- _What to work on_: Give the data again in full. Keep every line the same.

--- Given information Enclosed Below ---

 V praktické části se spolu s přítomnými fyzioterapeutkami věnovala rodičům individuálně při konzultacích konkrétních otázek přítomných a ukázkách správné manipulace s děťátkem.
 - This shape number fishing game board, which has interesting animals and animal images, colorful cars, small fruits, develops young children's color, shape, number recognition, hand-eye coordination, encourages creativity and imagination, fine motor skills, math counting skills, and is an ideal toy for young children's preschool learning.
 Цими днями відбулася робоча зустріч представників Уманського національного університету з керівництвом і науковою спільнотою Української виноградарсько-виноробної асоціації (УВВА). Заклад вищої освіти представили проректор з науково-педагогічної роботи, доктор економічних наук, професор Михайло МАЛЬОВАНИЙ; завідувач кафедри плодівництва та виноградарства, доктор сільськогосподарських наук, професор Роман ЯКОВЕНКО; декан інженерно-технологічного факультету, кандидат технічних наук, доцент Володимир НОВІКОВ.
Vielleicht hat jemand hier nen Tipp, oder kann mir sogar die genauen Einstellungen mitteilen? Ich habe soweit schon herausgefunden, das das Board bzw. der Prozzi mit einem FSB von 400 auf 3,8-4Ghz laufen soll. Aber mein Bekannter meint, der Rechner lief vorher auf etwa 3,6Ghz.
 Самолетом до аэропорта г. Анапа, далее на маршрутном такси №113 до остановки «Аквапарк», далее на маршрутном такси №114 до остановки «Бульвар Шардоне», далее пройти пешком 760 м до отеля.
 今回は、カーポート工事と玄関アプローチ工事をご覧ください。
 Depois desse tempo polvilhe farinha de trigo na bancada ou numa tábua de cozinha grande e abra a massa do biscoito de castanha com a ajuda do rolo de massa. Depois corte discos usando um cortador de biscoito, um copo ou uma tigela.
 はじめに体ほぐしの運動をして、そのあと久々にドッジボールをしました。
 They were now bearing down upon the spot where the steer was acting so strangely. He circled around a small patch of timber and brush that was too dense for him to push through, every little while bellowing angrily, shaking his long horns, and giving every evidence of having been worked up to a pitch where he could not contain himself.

--- End of Enclosed Given information ---

- _Answer section_:
 V praktické části se spolu s přítomnými fyzioterapeutkami věnovala rodičům individuálně při konzultacích konkrétních otázek přítomných a ukázkách správné manipulace s děťátkem.
 - This shape number fishing game board, which has interesting animals and animal images, colorful cars, small fruits, develops young children's color, shape, number recognition, hand-eye coordination, encourages creativity and imagination, fine motor skills, math counting skills, and is an ideal toy for young children's preschool learning.
 Цими днями відбулася робоча зустріч представників Уманського національного університету з керівництвом і науковою спільнотою Української виноградарсько-виноробної асоціації (УВВА). Заклад вищої освіти представили проректор з науково-педагогічної роботи, доктор економічних наук, професор Михайло МАЛЬОВАНИЙ; завідувач кафедри плодівництва та виноградарства, доктор сільськогосподарських наук, професор Роман ЯКОВЕНКО; декан інженерно-технологічного факультету, кандидат технічних наук, доцент Володимир НОВІКОВ.
Vielleicht hat jemand hier nen Tipp, oder kann mir sogar die genauen Einstellungen mitteilen? Ich habe soweit schon herausgefunden, das das Board bzw. der Prozzi mit einem FSB von 400 auf 3,8-4Ghz laufen soll. Aber mein Bekannter meint, der Rechner lief vorher auf etwa 3,6Ghz.
 Самолетом до аэропорта г. Анапа, далее на маршрутном такси №113 до остановки «Аквапарк», далее на маршрутном такси №114 до остановки «Бульвар Шардоне», далее пройти пешком 760 м до отеля.
 今回は、カーポート工事と玄関アプローチ工事をご覧ください。
 Depois desse tempo polvilhe farinha de trigo na bancada ou numa tábua de cozinha grande e abra a massa do biscoito de castanha com a ajuda do rolo de massa. Depois corte discos usando um cortador de biscoito, um copo ou uma tigela.
 はじめに体ほぐしの運動をして、そのあと久々にドッジボールをしました。
 They were now bearing down upon the spot where the steer was acting so strangely. He circled around a small patch of timber and brush that was too dense for him to push through, every little while bellowing angrily, shaking his long horns, and giving every evidence of having been worked up to a pitch where he could not contain himself.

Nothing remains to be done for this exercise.